I learned about Alissa and her work initially from my editor. He introduced her to me by sending a video in which she explains what is her teaching “black metal yoga” and how she was inspired by such an innovative idea . As I am my self different in the way I teach yoga, Ιbecame really excited and along the way of the article I became even more excited discovering that a lot of people in Hellas know about her. She immediately and very willingly responded to my proposal to share an interview.
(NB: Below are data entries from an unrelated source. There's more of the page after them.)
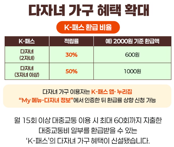 K-패스는 대중교통비 일부를 환급해 주는 프로그램으로, 특히 다자녀 가구를 대상으로 한 환급 비율이 크게 확대되었습니다.
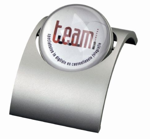Magnifying Rotating Desk Clock. The glass magnifies time and the logo imprint on the other side. Metal.
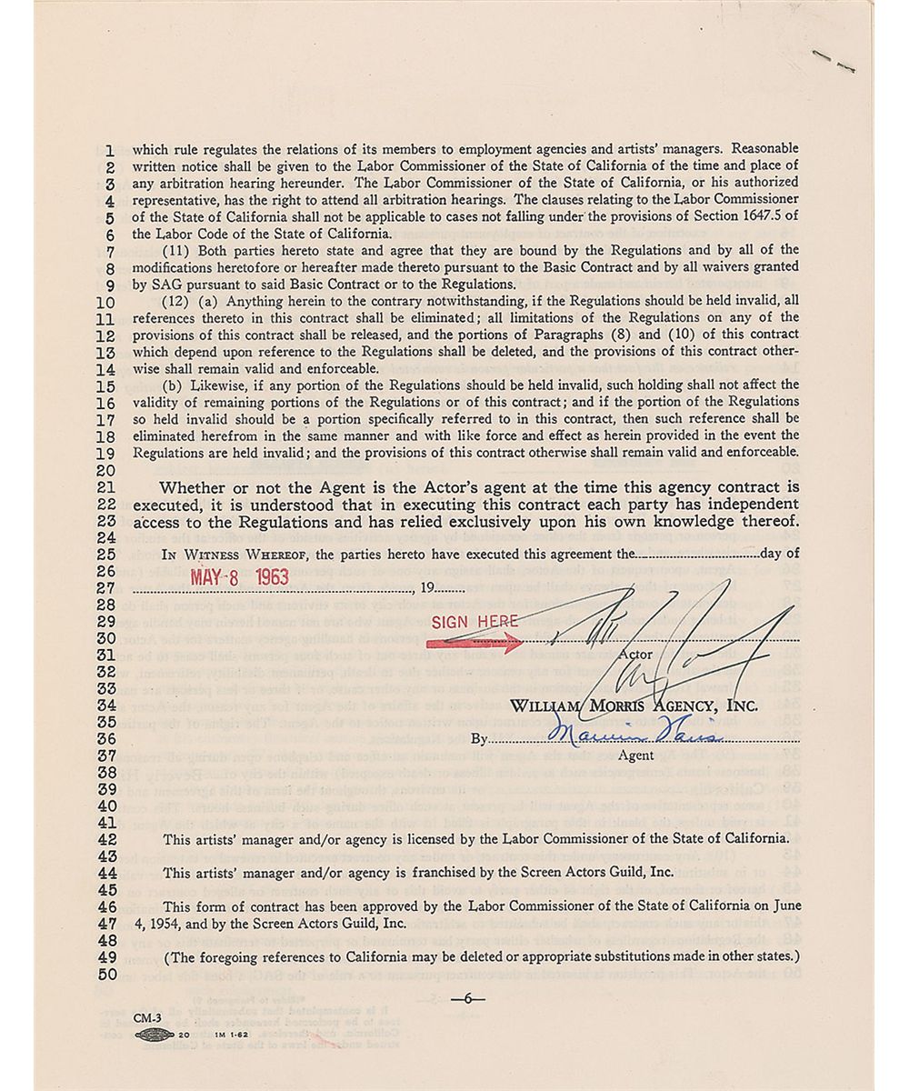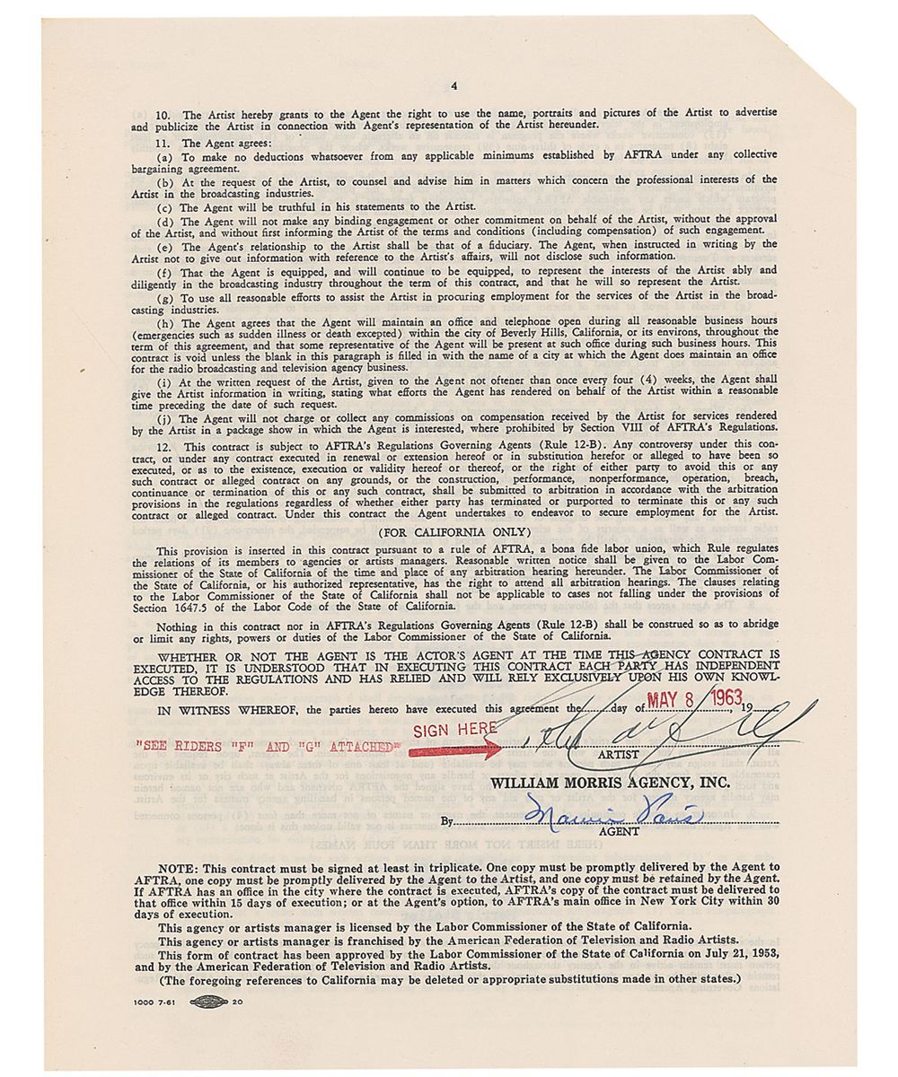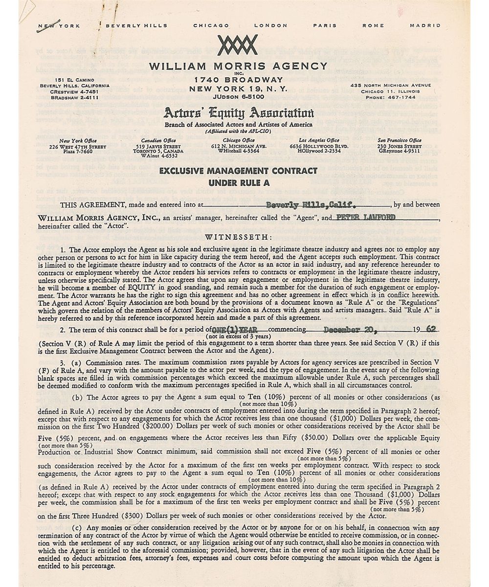 Series of four documents, totaling thirteen sheets, 8.5 x 11, December 20, 1962. William Morris Agency contracts under which Lawford agrees to be represented by the firm for a period of one year at a rate of 10% of earnings, including an Actor’s Equity Association contract, Theatrical Motion Picture Agency contract, Standard AFTRA contract with two initialed riders, and a Television Motion Picture Agency contract with an initialed Screen Actors Guild rider. All four are signed at the conclusion in ballpoint by Lawford and his agent. In overall fine condition, with expected document wear.

I confess that I appreciated it because her response was humble and respectful to our approach. She thanked me many times and gave a lot of time and thought in her answers, telling me that she wanted to respond to the depth of my questions becauseshe thought she was particularly honored by them. One can perceive her nobility through her speech. It is undoubtedly a carrier of the spirit of yoga. I understood it as soon as I read the answers but when I translated it I was even more convinced. She is keeping an eye on what she says, and with every word she tries to send a message to the world. Intensely, she addresses the three main issues that concern not only the people who have followed the yoga path but all the thinking people, and she is trying to discreetly awaken those who have not yet resisted social planning. Hypocrisy, honesty in speech and the actions that follow it, diversity.
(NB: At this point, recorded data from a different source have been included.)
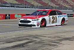 Blaney began competing full-time in the Cup Series in 2016 with the Wood Brothers despite the team being excluded from NASCAR's new Charter system implemented before the 2016 Cup Series season.[26] He got his third top-ten of his career at Las Vegas, finishing sixth. Before the race at Auto Club Speedway, Blaney and close friend Bubba Wallace drove together from Phoenix to Fontana and stole the headlines one evening when they took over NASCAR's Snapchat account and filmed themselves mimicking drivers such as Carl Edwards, Danica Patrick, and Paul Menard.[27] Blaney picked up more top tens at Phoenix, Talladega, Dover, and Pocono for a successful first half of the season with his best finish being a fifth at Kansas. At Chicagoland, Blaney ran well all day and for the final restart, he gambled and stayed out, and got the race lead. However, on the restart Martin Truex Jr. overtook him easily due to having fresher tires and held on to get the win, with Blaney finishing fourth. He put up a fight for the Sunoco Rookie of the Year award, but lost to Chase Elliott.[28]
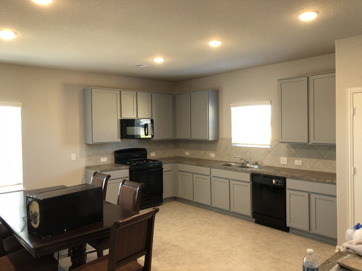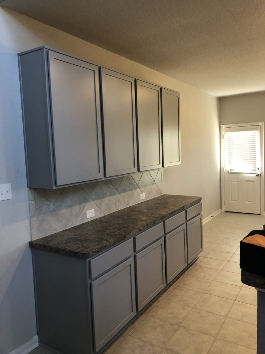 In this project Tex Touch Remodeling did a great transformation of color for kitchen cabinets, after sanding, applying primer, and spraying cabinets with a customized grey color. Customers were very surprised by this change in their kitchen and practically fell in love with it!
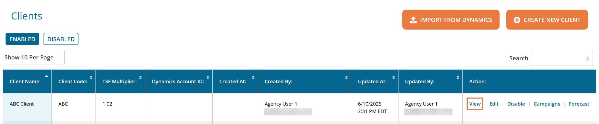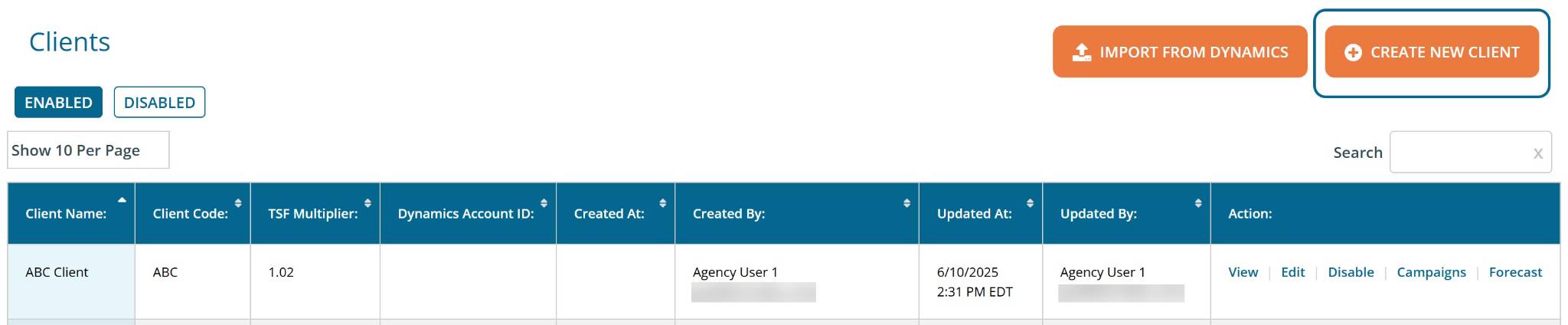Disabling Clients: To disable a client, select "Disable" on the right-hand side of the desired client. You can disable a client you are no longer working with to mark them as inactive in the system and to keep a record of their information.
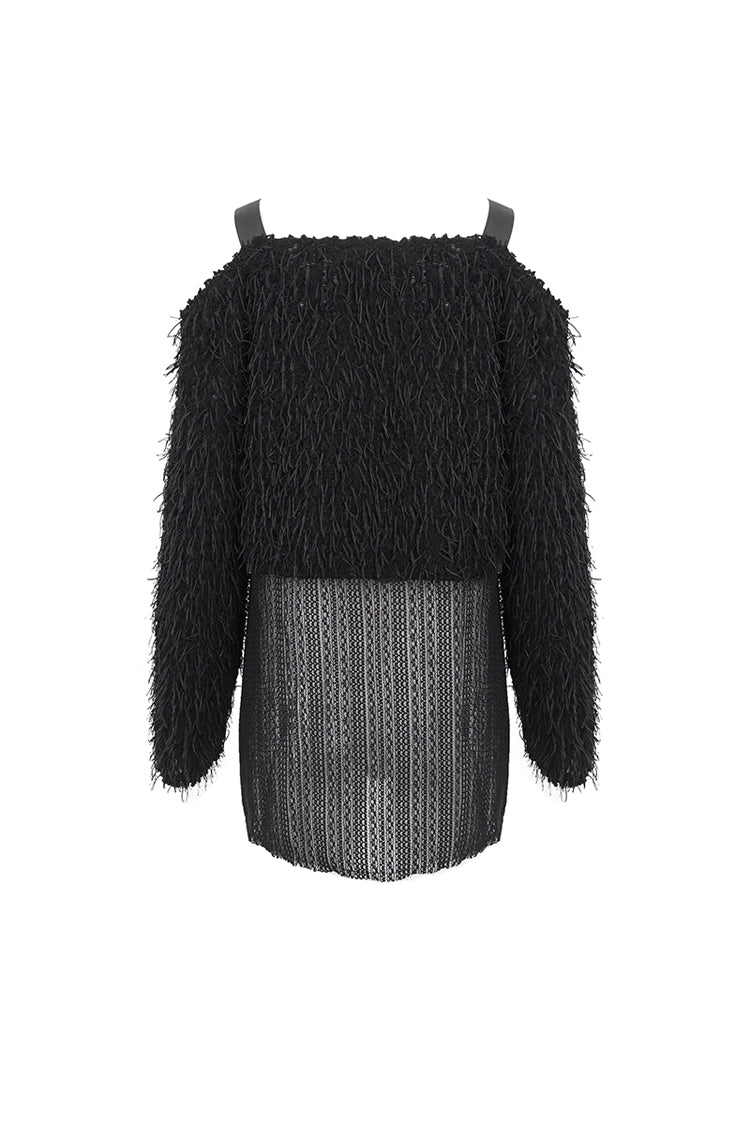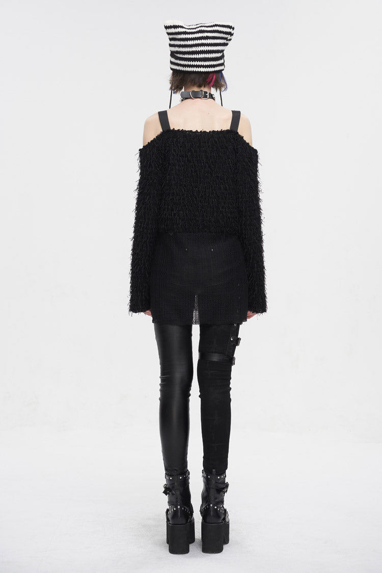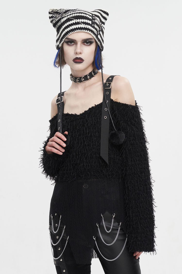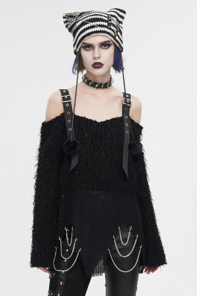 This punk sweater is off-shoulder and has two buckle straps on the shoulders. The surface of the fabric is covered with many ribbons. It has an irregular hem and multi-chains.
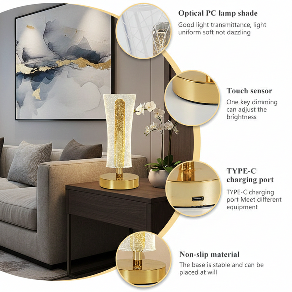 Lampe de table sans fil en acrylique doré, style nordique, rechargeable, créative, minimaliste, simple, pour restaurant, maison, intérieur

Although my questions carry my own intensity but unintentional intent to provoke, she responds to everything by maintaining the meditative silence and going through one answer to the other, just as a practitioner owes to go from one position of yoga to the other : without carrying the past tense. In her speech, I found gravity and wisdom and I believe that you will agree with me regardless of whether you have come into contact with the world of yoga or not. The main element of the interview is that she manages to maintain her spiritual balance and to examine all the issues I have raised in this perspective without taking extreme positions, just as we teach in practice. She is consciously aware of the present, and she is shown that by the choices she has made. Alissa constantly links with the past, wanting to highlight the changes she has made in her life through the path she chose.
Osho says there are two kinds of teachers:Teacher and Teacher. I’m sure you will put a major T in her title because it emits the most important lesson one can be taught and teach: Yoga is not in the asana but in the mind, because in essence releases the mind and not the body and that as long as it can be groundbreaking a teacher taking off himself and offering him to his other students can be both traditional and respectfully obeying this lesson. She is herself, does what her heart tells her and is not in any competition, experiencing the greatest Buddhist truth: to be in peace, whatever happens around you.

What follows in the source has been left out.